WHAT IS BEING ASKED: Every line in the records below between the one holding "山東地?zé)?017年9月13日汽柴油價(jià)格表" and the one holding "2、多样化场景围观:呈现多种", inclusive, is to be set down exactly; all other lines are to be left out.
START RECORDS SHOWN
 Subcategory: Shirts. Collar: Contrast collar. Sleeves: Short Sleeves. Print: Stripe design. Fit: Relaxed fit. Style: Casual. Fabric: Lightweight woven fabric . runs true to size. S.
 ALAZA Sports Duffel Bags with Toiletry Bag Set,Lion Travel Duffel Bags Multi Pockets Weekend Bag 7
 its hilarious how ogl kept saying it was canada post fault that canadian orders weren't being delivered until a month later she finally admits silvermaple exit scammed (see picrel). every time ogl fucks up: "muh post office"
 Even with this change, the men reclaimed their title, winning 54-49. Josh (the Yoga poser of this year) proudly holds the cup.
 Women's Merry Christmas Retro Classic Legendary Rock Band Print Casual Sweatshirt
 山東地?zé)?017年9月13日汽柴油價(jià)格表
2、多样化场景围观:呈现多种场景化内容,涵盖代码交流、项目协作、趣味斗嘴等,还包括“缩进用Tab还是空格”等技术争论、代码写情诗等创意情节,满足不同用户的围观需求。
END RECORDS SHOWN
START RECORDS SHOWN
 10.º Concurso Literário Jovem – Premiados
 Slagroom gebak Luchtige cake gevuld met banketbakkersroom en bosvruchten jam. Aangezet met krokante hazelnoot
END RECORDS SHOWN
COMPLETED TASK:
 山東地?zé)?017年9月13日汽柴油價(jià)格表
2、多样化场景围观:呈现多种场景化内容,涵盖代码交流、项目协作、趣味斗嘴等,还包括“缩进用Tab还是空格”等技术争论、代码写情诗等创意情节,满足不同用户的围观需求。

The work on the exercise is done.